Talking about massive change and actually getting voters to knowingly vote for something that promises to be a major disruption in their lives are two totally different things.

Yes that’s how democratic socialism works.

The problem for those of us who would like to see Fox News removed from power is that all the quotes **Sam **notes can be easily weaponized against Democratic nominees and proposals, while Lurker’s argument (while true) is more nuanced and therefore a much tougher sell.

A line I use sometimes is that instead of “Democratic Socialism”, we should just bring back “Democratic Capitalism”.

Hey! I’m already doing business as Fred!

The did tell us in pretty detailed fashion in the above website, which got selectively quoted so as to misrepresent it.

I’m an odd proponent for socialism. I’m starting up a drug company based on my own invention right now. I expect to be personally compensated if this is successful. I also recognize that my invention is based on innumerable previous inventions and scientific discoveries which I had nothing to do with. They came from people whose socialist educations were funded by taxpayers. They came from people whose socialist commutes were on taxpayer funded infrastructure.
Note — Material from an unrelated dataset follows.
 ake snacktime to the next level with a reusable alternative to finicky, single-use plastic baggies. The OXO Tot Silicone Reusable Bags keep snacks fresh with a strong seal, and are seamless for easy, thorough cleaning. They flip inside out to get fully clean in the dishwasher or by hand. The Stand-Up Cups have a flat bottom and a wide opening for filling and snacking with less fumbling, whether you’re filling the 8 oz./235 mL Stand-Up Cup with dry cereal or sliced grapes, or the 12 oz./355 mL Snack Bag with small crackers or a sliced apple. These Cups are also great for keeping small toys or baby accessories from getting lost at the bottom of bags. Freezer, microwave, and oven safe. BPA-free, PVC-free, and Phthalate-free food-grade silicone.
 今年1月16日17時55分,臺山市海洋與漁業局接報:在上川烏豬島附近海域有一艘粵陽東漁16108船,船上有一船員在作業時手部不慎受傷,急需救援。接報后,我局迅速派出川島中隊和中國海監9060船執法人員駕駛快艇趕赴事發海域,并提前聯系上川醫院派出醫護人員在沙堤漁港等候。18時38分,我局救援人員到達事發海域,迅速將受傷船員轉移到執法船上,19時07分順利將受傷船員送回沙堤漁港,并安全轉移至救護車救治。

Whose safety was ensured by policemen and firemen and was paid for by taxpayers. Whose country is defended by a taxpayer funded military. On the day I was born I inherited all of this, through no hard work of my own, and so did you.

The taxes I will pay are not a penalty on my success, they are a repayment of a debt for everything that I received in order to be a “success” and to ensure that someone else can do the same thing in the future. I want my share for what I add to that, and I want to pay back the debt that I owe the country. If that means I’m partially a socialist and partially a capitalist, that’s fine by me. If that means I’m “Fred”, I’m cool with that too.

We could have a genuine debate about his, as Obama tried to, but what we ended up with was a ridiculous GOP “you didn’t build that” night of their convention. So, yeah, one side is laying out what they actually want, and calling it “Fred” and the other side is just dishonestly yelling “Fred means Democrats are Marxists and are coming for your small business”.

So, wanted to post this YouTube video from America Uncensored that talks about socialism and the Nordic model as it’s kind of relevant to the OP, as well as relevant to demonstrating that when people talk about ‘socialism’ they basically want it to mean what they THINK it means, not what it actually means. Which is fine, but the problem is that if everyone is using the same term to mean different things then it’s kind of hard to figure out what the hell everyone actually means when they are using it. I don’t think the OP’s plan to rehabilitate the term is going to work very well, though according to the video the number of people who want to give ‘socialism’ a try (meaning social programs, and not actual socialism) in the US is now 4 in 10. Of course, what we actually get if we elect real socialists might come as a bit of a shock to the Bernie bros crowd if we are actually using different definitions. :stuck_out_tongue:

(snipped)

Just wanted to say this is a great distillation of how liberal policies actually align with the entrepreneurial spirit – as opposed to the mantra from the right that liberalism is anti-capitalist.

Since you’ve returned to this thread, I take it you’re ignoring my questions to you? I tried to explain my position and asked you questions in good faith, after you dropped that seemingly misleading statistic in this thread. I’m hoping you can clarify what you meant.

You think absolute dollars spent is misleading. I don’t. There’s not much more to say about it. Look at military power. Does it make sense to talk about aircraft carrier/capita? No. Absolute numbers determine power.

Point is, if all government spending is so-called socialism, which I think is a silly argument to begin with, then might as well look at all government spending. It’s perfectly fine for you to disagree.

Thanks for getting back to me! I disagree, but I’ll drop this hijack.